How much yeast did you pitch? And, 1.097 wont get you to 14% your probably looking at 10 - 11%
 
and those alcohol tolerance numbers are just a ball park figure anyway. I've fermented the whitelabs version of that very yeast to over 12% with no problem.
 
- drop out of school
- bud with multiple partners without protection
- use this exceptional amount of alcohol as a gateway to more hardcore drugs...
- etc.
 
Got it. I pitched 1 smack pack. My problem was the brix to specific gravity conversion. I used onebeer.net's brix converter. I entered original brix and estimated final brix and it gave me the 14%. I know final gravity with a refractometer isn't very accurate. I found another converter that predicts my alcohol content at 9-11% (as you say). Thanks for the input.
 
making it to 10% abv or higher with only one pack of yeast will be a challenge. did you make a starter? did you aerate a lot? nutrients?

getting up above 10% isn't as simple as adding more fermentables. alcohol is toxic to yeast, so to get to high % you need to baby the beer - pitch A LOT of healthy yeast, give them a lot of O2, etc. without the coddling, the yeast is likely to give up before it gets you to 10%. http://www.mrmalty.com/calc/calc.html suggested pitching 3.4 packs of ultra-fresh yeast, or 4.2 packs of one-month-old yeast, or making a 3.35 liter starter with 2 packs of month-old yeast. so one pack, without a starter, would be a big under-pitch.

please let us know how this beer turns out!.
 
If the final gravity is too high should I rack and pitch a yeast with a higher tolerance? Thanks.

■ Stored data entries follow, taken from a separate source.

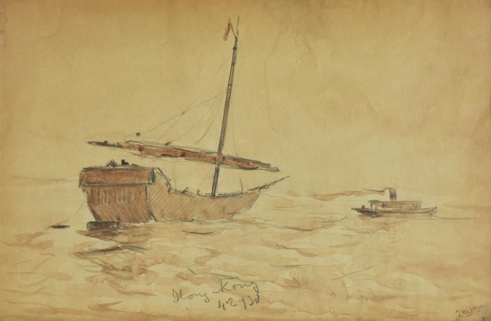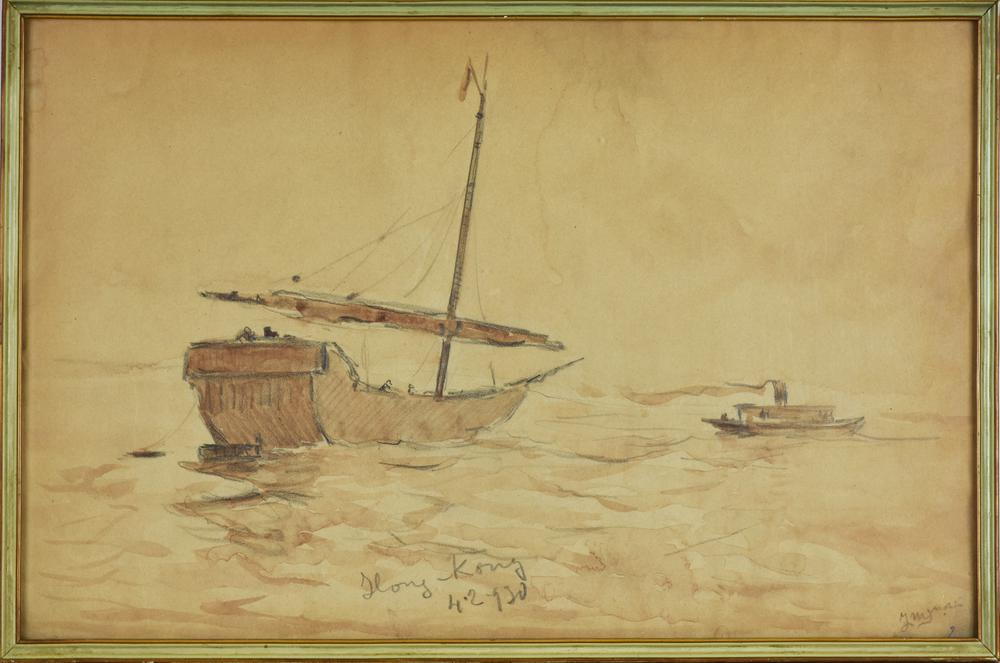 Filiberto Minozzi VEDUTA DEL PORTO DI HONK KONG matita e guache su carta, cm...
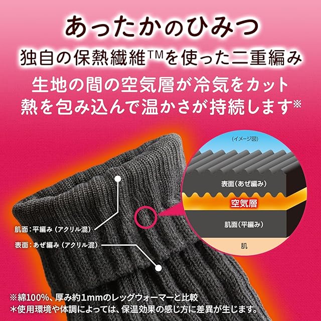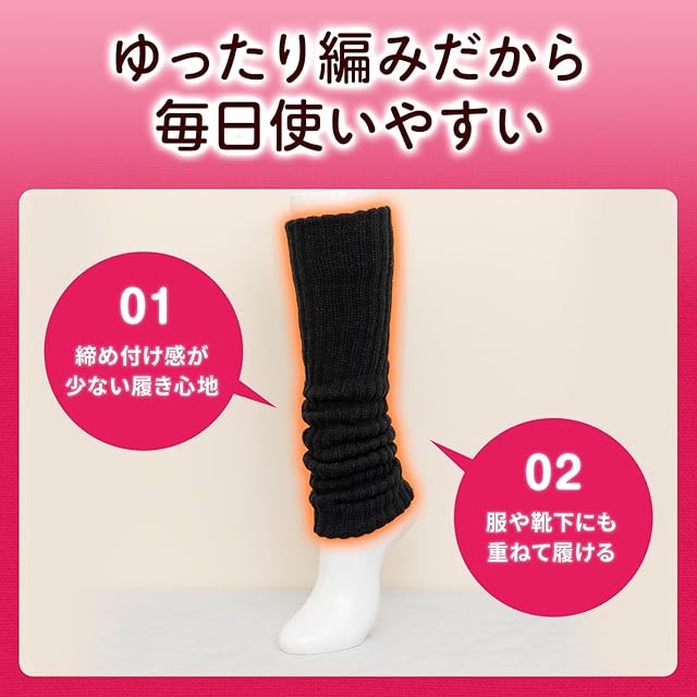 ゆったり二重編み構造になっている足冷え用レッグウォーマー
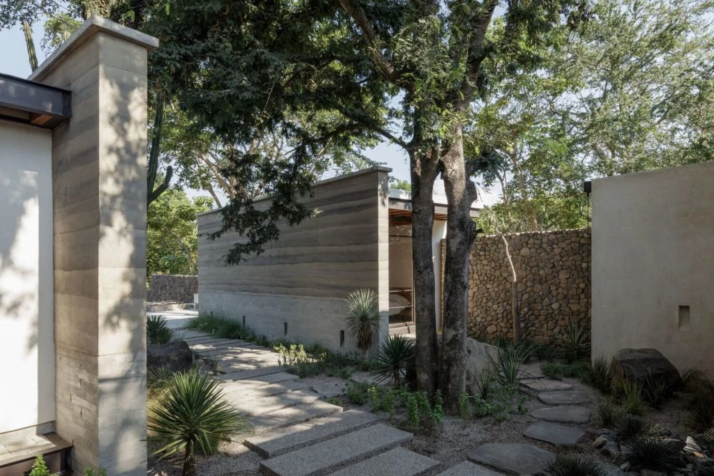 Muros de tapial, que utilizan la antigua técnica de tierra compactada, son acentos que dotan de carácter espacios específicos del proyecto.
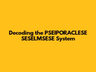Unveiling the PSEIPORACLESE SESELMSESE System
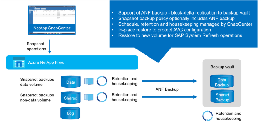 SnapCenter provides the orchestration of efficient and fast backup and restore operations and simplifies the configuration and execution of SAP HANA on Azure NetApp Files snapshot-based primary data protection as well as snapshot archival for longer term backup. Scheduling and retention management is fully integrated on the HANA database and ANF infrastructure layer to allow transparent operations by database admins.
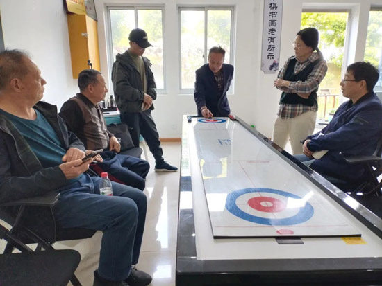 “这‘桌面运动’既考脑力又练协调!”施老师抹去细汗,笑着展示高分球。活动尾声,两地教师相约以球会友,自发组建“冰壶研习群”,约定每月“云端”切磋。将这项兼具趣味与健康的运动融入退休生活。
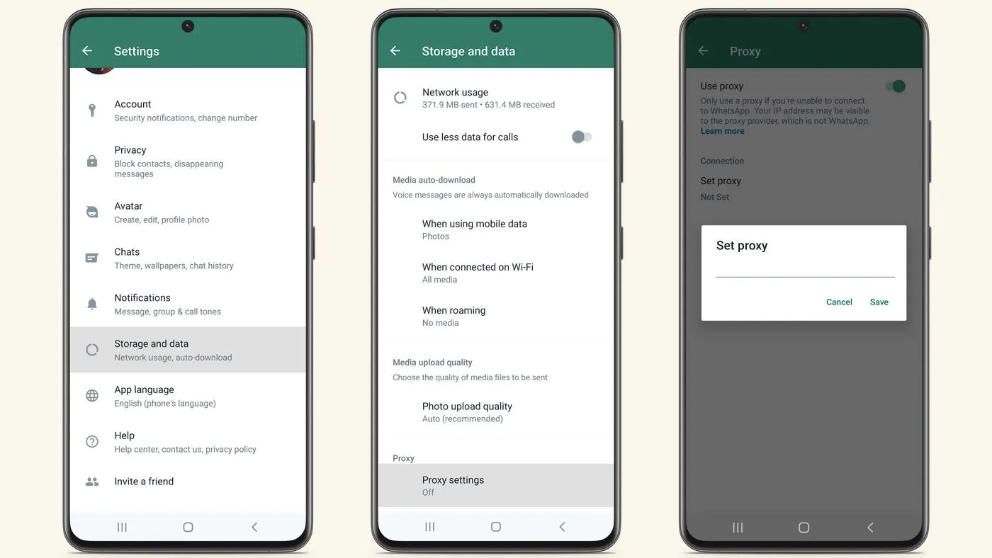 WhatsApp telah menambahkan fitur server proxy yang telah tersedia di versi terbaru WhatsApp. Dengan memilih proksi, pengguna dapat terhubung ke WhatsApp melalui server yang disiapkan oleh relawan dan organisasi di seluruh dunia yang berdedikasi untuk membantu orang-orang berkomunikasi dengan bebas. Menurut WhatsApp, kamu juga dapat mempelajari cara untuk menyiapkan proxy, jika ingin membantu orang lain terhubung ke aplikasi tersebut.
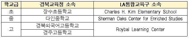 <경북교육청-LA통합교육구 온라인 공동 수업 참여 학교>
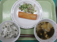 わかめとじゃこのごはん・ポテサラ春巻き・野菜のゆかりかけ・すまし汁・牛乳
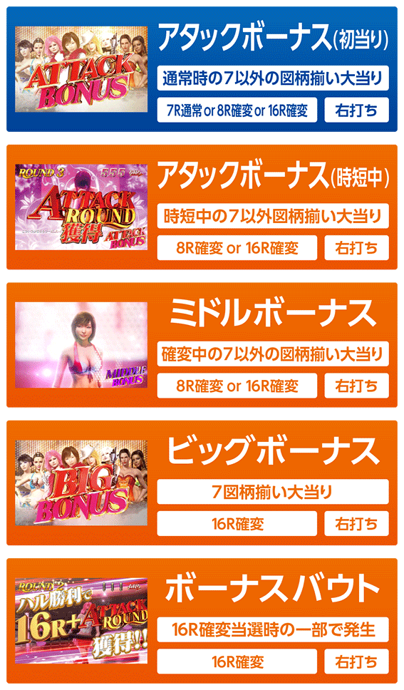 アタックボーナス中は、アタックラウンド獲得演出で成功すればファイティングモードへ突入。アタックラウンド獲得演出は一度の大当り中に複数回発生することがあり、一度でも成功すればOKだ。なお、獲得演出に失敗して大当りが終了したと思いきや、いきなりアタックラウンドが発動してエクストラボーナス(16R確変)に昇格する逆転パターンも存在するぞ。
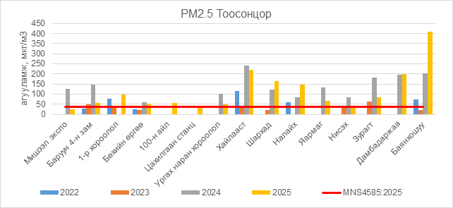 РМ2.5 тоосонцор нь Баруун 4-н зам орчим АЧС-аас 19.5 мкг/м3 –ээр их, 1-р хороолол орчим АЧС-аас 61.5 мкг/м3 –ээр их, Бөхийн өргөө орчим АЧС-аас 14.5 мкг/м3 –ээр их, 100-н айл орчим АЧС-аас 20.5 мкг/м3 –ээр их, Цахилгаан станц орчим АЧС-аас 5.5 мкг/м3 –ээр их, Ургах наран хороолол орчим АЧС-аас 10.5 мкг/м3 –ээр их, Хайлааст орчим АЧС-аас 182.5 мкг/м3 –ээр их, Шархад орчим АЧС-аас 127.5 мкг/м3 –ээр их, Налайх орчим АЧС-аас 110.5 мкг/м3 –ээр их, Яармаг орчим АЧС-аас 29.5 мкг/м3 –ээр их, Зурагт орчим АЧС-аас 46.5 мкг/м3 –ээр их, Дамбадаржаа орчим АЧС-аас 162.5 мкг/м3 –ээр их, Баянхошуу орчим АЧС-аас 372.5 мкг/м3 –ээр их байна.

you may well need to pitch another yeast to finish the job, however you can't pitch it directly. you need to get it active by putting in a starter and let it get into munching mode in a non-alcoholic environment. let it get going for about 48 hours (or until it reaches maximum activity, AKA high krausen) then pitch that into the stuck beer.

but first let's see how far your first yeast pitch takes you.